Source, National Museum of Norway
The famous work from 1893 will be exhibited in the National Museum of Norway from 2022.
Infrared scans showed that it was the painter Edvard Munch himself who wrote the mysterious inscription in the famous Scream painting.
A sentence in one of the world’s most recognizable paintings, written in small and difficult to choose writing, brought along many assumptions in the art world.
In the upper left corner of the picture is written “Can only be drawn by a madman” in pencil.
Tests by the Norwegian National Museum determined that it was Munch himself who wrote the article.
First displayed in 1893 in Oslo, Munch’s hometown, then known as Kristiania, the work became a universal expression of anxiety. The effects of the picture are seen from the 90s Hollywood horror series Scream to modern day emojis.
Art critics have long questioned whether it was written by an angry person or Munch himself, who had psychiatric problems throughout his life.
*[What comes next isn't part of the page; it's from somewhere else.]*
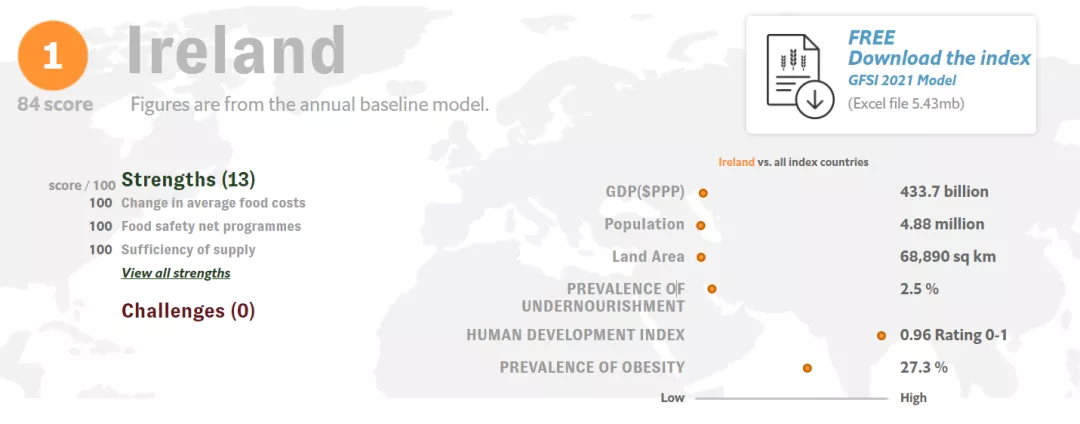 全球食品安全指數(shù)(Global Food Security Index,簡稱GFSI)排名已經(jīng)發(fā)行了10年,在歷次排名中,愛爾蘭一直高居榜單前列。2014、2017年排名第一,2019、2020年位居第二。

The museum compared Munch’s handwriting in his diaries and letters to the writing in the painting, using a new technology, and concluded that the writing belongs to the painter himself.
The work has been overhauled to be displayed in a new museum to be opened next year in Oslo.
Source, Getty Images
Edvard Munch painting himself in Germany in 1907.
“There is no doubt that the writing belongs to Munch himself. What happened in 1895, when both the cat of the handwriting and the painting of Munch showed it in Norway, always point to the same result,” said Mai Britt Guleng, the museum’s curator.
In 1994, the Scream painting was stolen from a museum in Norway and re-found in a secret operation by British detectives.
‘Deep anxiety’
When the work was first seen, it received intense criticism and sparked controversy over Munch’s mental health.
According to his diaries, Munch was very upset by these discussions and it is believed that he wrote the article after these reactions.
Both Munch’s father and sister experienced depression, and the painter was hospitalized after a nervous breakdown in 1908.
Munch’s mother and older sister died before the painter turned 14. While his father died 12 years later, another brother was admitted to a mental hospital.
Munch wrote, “I have had deep anxiety for as long as I can remember and tried to express it in my art. Without this anxiety and illness, I would be like a ship without rudder.”
The Scream, along with some of Munch’s other works, will be on display at the Norwegian National Museum from 2022.